The way this is set up is, it doesn’t necessarily encourage the drug maker to say to the FDA, hey, we could do an even better job, improve patient safety, risk benefit profiles even further if we were to monitor the drug. So there wasn’t necessarily this incentive to look at whether monitoring could further improve the drug during these clinical trials. So in the case of Dabigatran we are now in a situation where data came out post-market after the drug was approved suggesting that dose adjustments might benefit certain patients by lowering the risk of bleeding without increasing any risks of stroke.

But again, there were no studies done post-approval, and it’s unlikely in the post-market that there would be a huge willingness on the part of the drug maker to go back and revisit this. This would be fairly costly studies to perform. So part of the problem lies in this fast track drug approval process. Another step that might be useful is, and it particularly applies to the case of Dabigatran, is that individual patient pharmacokinetic data was actually available from Phase II and Phase III clinical trials prior to its approval.

So in the RE-LY trial which led to FDA approval for this drug, this data was generated, yet it only became publicly available several years later, so well after the drug had been approved. Had this data been available earlier, there might have been a realization that hidden amongst these large population based results, there were subpopulations where pharmacokinetic modeling may have revealed that dose adjustments would dramatically improve benefit risk profile for some of these patients.

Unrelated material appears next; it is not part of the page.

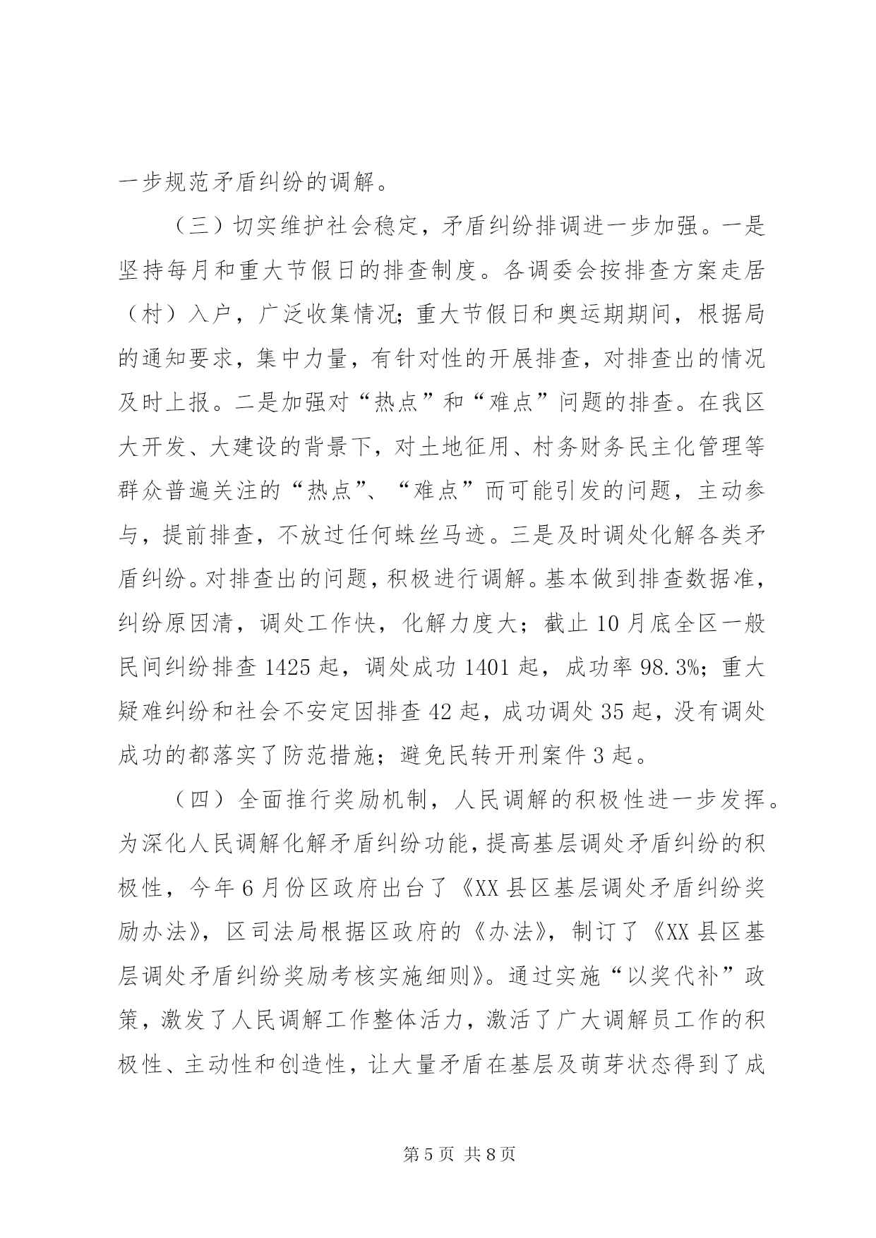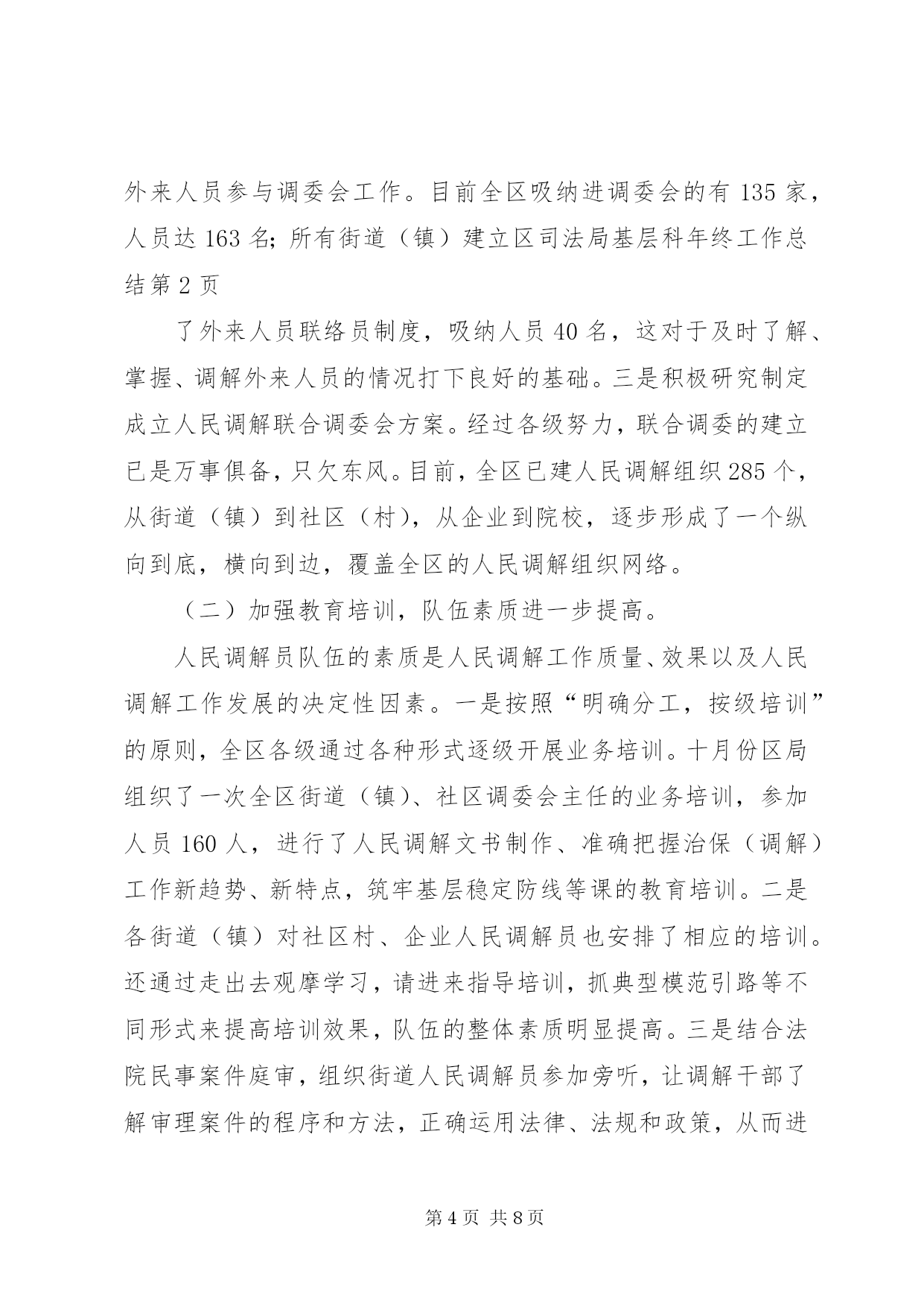 第PAGE\*Arabic\*MERGEFORMAT8页共NUMPAGES\*MERGEFORMAT8页区司法局基层科年终工作总结20xx年,我区基层司法行政工作以党的十七精神和科学发展观为指导,以创建“平安江北”、“和谐江北”为目标,认真落实上级关于进一步加强司法所建设和人民调解工作的指示精神,坚持重心下移,加强业务指导,实基层基础,切实加强司法所建设和发挥人民调解工作作用,为促进我区社会治安综合治理,优化投资环境,全面建设小康社会作出了新的贡献。一、以健全组织机构为契机,不断提高司法所的规范化建设水平根据浙委办〔20xx〕79号文件和甬党办〔20xx〕2号文件精神,狠抓司法所的组织建设,基础建设、业务建设和队伍建设,注重发挥司法所在预防和化解矛盾纠纷、推进依法治理、维护基层社会稳定、服务地方经济发展等方面的职能作用。(一)结合我区实际,健全完善组织机构。及时向区领导汇报上级关于司法所建设的指示精神,与有关单位积极协调贯彻落实上级精神的具体方案和措施,经过各方努力,先后出台北区委办﹝20xx﹞23号《关于进一步加强基层司法所建设的意见》和北区编办﹝20xx﹞27号《关于XX县区基层司法所机构设置等事宜的通知》,全区八个司法所全部明确为派驻所,统一挂牌为XX县区司法局××所。司法所继续实行司法行政机关与镇(街道)双重管理的体制。坚持在街道党工委(镇党委)、办事处(镇政府)的领导下开展工作,充分运用街道(镇)综治工作中心平台,积极发挥职能作用。(二)理顺工作职责,坚持司法行政编制专管专用。按照省市两级要求,管好用好司法行政编制,实行专编专用。北区编办﹝20xx﹞27号《关于XX县区基层司法所机构设置等事宜的通知》,全区司法行政专项编制人员15名,明确要求落实到各司法所任职。司法所司法行政专项编制人员的任免、调动和录用须征求司法局的意见,确保人员配置稳定。区司法局按照职责要求,突出抓好对司法行政专项编制人员的管理和培养使用。(三)加强司法所基础设施建设,加快司法所规范化建设的步伐。街道党工委(镇党委)、办事处(镇政府)以“综治工作中心”为平台,高度重视司法所基础建设,将司法所建设纳入当地经济社会发展总体规划,加大投入,目前全区司法所共有办公用房38间,面积995米,配有电脑24台,打(复)印机9台,传真机8台,按照《XX省司法行政系统基层基础设施建设“十一五”规划》三类标准的要求,全区司法所达标率为87%。在硬件基本达到了规范化建设要求的同时,各司法所也加强了软件建设,健全和完善了各类规章制度,台账内容丰富标准,墙上公示规范。(四)努力提高队伍素质,积极发挥司法所职能作用。按照有关干部教育培训规划的要求,注重司法所工作人员的教育培训,通过集中培训、以会代训、工作指导等方式,引导和教育司法所工作人员掌握相关业务知识和技能,不断增强解决实际问题的能力和水平。今年组织了司法所长参加了市局在绍兴党校的培训,系统学习了司法所建设、人民调解、社区矫正和有关法律法规。利用司法所长例会时机,对司法所的工作进行讲评指导。此外,还对司法所有关人员进行数据统计、信息报道、人民调解协议书制作等的培训。保证了各司法所紧紧围绕党委政府中心工作,认真做好各项工作,使司法所成为基层“调处纠纷的阵地,法制宣传的课堂,安置帮教的渠道,法律援助的桥梁”。二、以落实科学发展观为指导,不断推进人民调解工作新发展随着我区工业化、城镇化的推进,各种利益格局也进行了调整,社会管理中的新情况、新矛盾不断出现。因此,从年初开始就深入基层调研,积极探索人民调解工作的新途径、新方法。经过上下共同努力,今年人民调解有了新突破、新提高。(一)健全网络体系,组织建设进一步加强。一是积极抓好百人以上企业调委会建设。今年上半年,在慈城镇进行百人企业建立调委会工作的试点,现有的52家百人企业全部建立了调委会,6月中旬在慈城召开了总结交流大会,在全区推开了百人企业建调委会的工作序幕。截止10月底,全区215家百人以上企业,建调委会的已达131家,占总数的60.93%。二是积极吸纳外来人员参与调委会工作。目前全区吸纳进调委会的有135家,人员达163名;所有街道(镇)建立区司法局基层科年终工作总结了外来人员联络员制度,吸纳人员40名,这对于及时了解、掌握、调解外来人员的情况打下良好的基础。三是积极研究制定成立人民调解联合调委会方案。经过各级努力,联合调委的建立已是万事俱备,只欠东风。目前,全区已建人民调解组织285个,从街道(镇)到社区(村),从企业到院校,逐步形成了一个纵向到底,横向到边,覆盖全区的人民调解组织网络。(二)加强教育培训,队伍素质进一步提高。人民调解员队伍的素质是人民调解工作质量、效果以及人民调解工作发展的决定性因素。一是按照“明确分工,按级培训”的原则,全区

It would probably be beneficial to start this process of defining these patients and optimizing doses earlier rather than later. And again, this all assumes that the FDA would view such efforts favorably and it wouldn’t interfere with approval of the drug because if it would, it would be difficult to expect drug makers to go the extra step.

Bob Barrett:
John Mills is a Clinical Chemistry Postdoctoral Fellow at the Mayo Clinic and he has been our guest in this podcast from Clinical Chemistry on novel oral anticoagulants. I am Bob Barrett. Thanks for listening!